§ Records shown
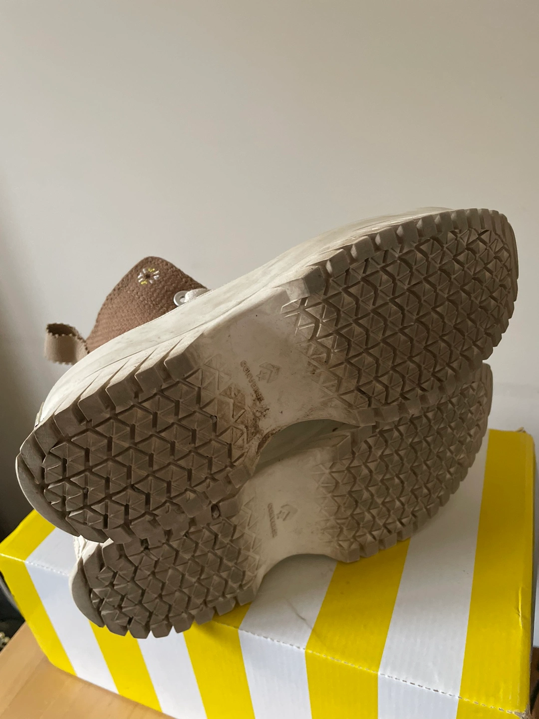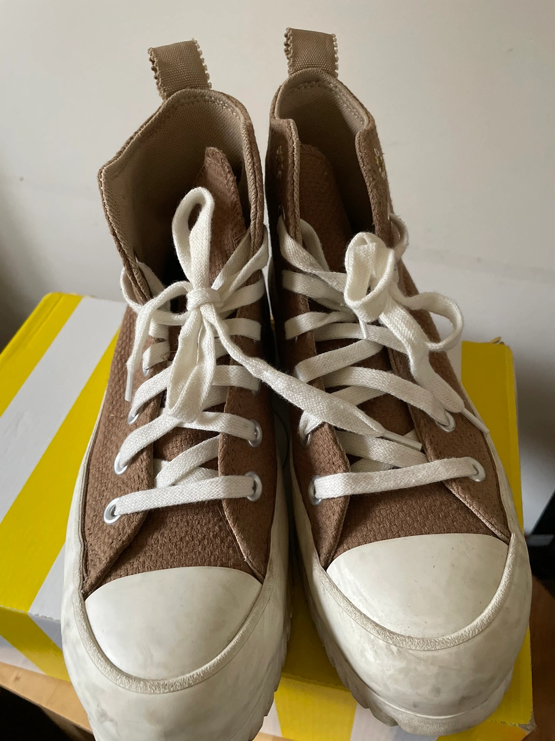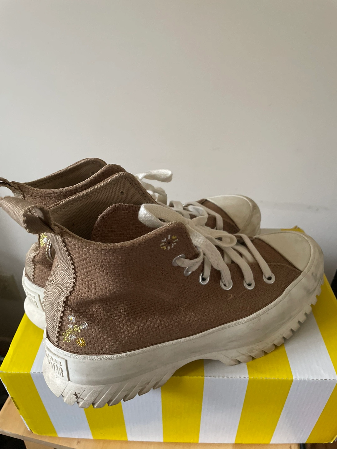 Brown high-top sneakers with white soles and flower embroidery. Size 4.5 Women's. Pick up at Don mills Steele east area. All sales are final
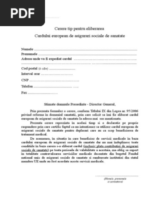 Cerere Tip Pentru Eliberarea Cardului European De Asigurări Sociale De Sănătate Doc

...

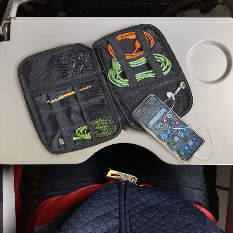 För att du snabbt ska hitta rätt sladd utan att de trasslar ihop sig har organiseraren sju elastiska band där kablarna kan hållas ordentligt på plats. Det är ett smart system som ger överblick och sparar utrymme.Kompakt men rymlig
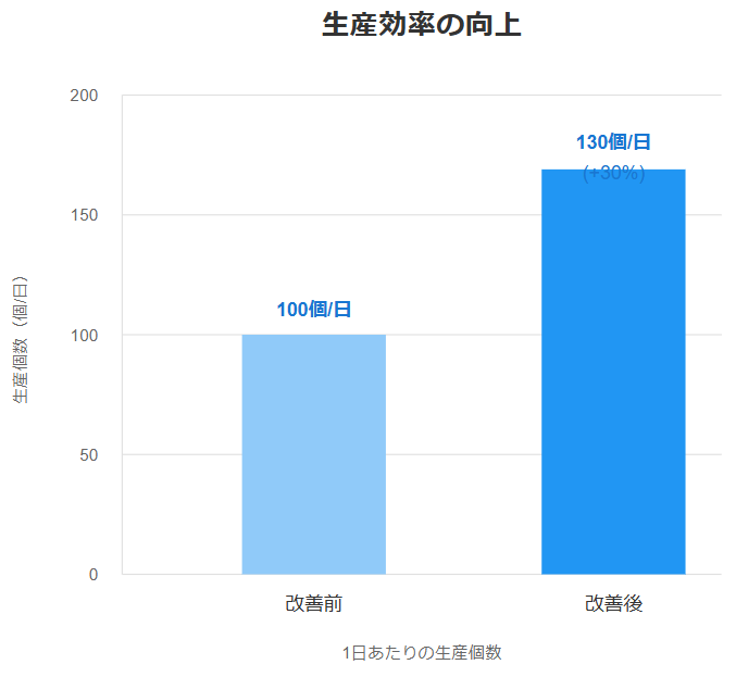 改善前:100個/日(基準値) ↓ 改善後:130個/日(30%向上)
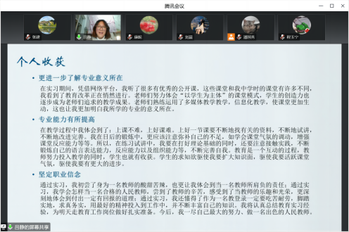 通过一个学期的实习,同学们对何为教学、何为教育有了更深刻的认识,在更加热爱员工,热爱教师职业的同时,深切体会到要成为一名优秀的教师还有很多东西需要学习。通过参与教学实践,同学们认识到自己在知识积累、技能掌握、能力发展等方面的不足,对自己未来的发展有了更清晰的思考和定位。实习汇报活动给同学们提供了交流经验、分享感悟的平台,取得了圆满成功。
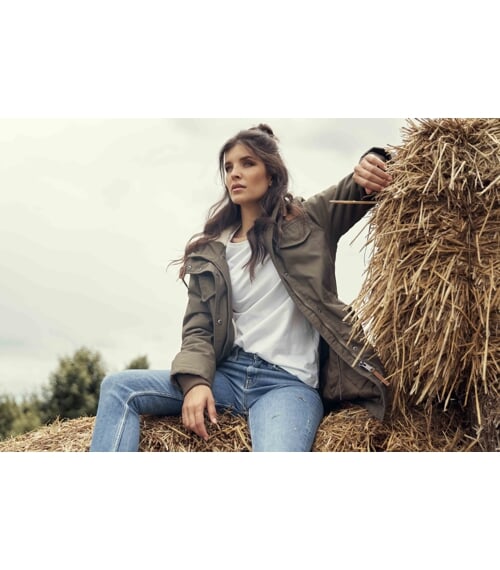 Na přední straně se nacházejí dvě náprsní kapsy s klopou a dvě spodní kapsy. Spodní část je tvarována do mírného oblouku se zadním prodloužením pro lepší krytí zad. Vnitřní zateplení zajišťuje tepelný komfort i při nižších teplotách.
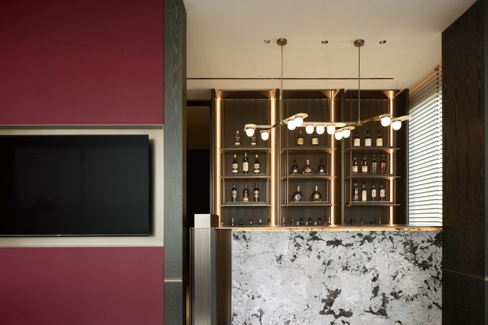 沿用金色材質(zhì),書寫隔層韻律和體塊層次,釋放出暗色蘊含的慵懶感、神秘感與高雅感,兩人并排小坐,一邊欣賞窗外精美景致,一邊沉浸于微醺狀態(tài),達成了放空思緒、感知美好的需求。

§ Task goal
Copy exactly the lines of the entries above from the one containing "Brown high-top sneakers" through the one containing "Cerere Tip Pentru". Both end lines count; pictures do not.

§ Expected answer
 Brown high-top sneakers with white soles and flower embroidery. Size 4.5 Women's. Pick up at Don mills Steele east area. All sales are final
 Cerere Tip Pentru Eliberarea Cardului European De Asigurări Sociale De Sănătate Doc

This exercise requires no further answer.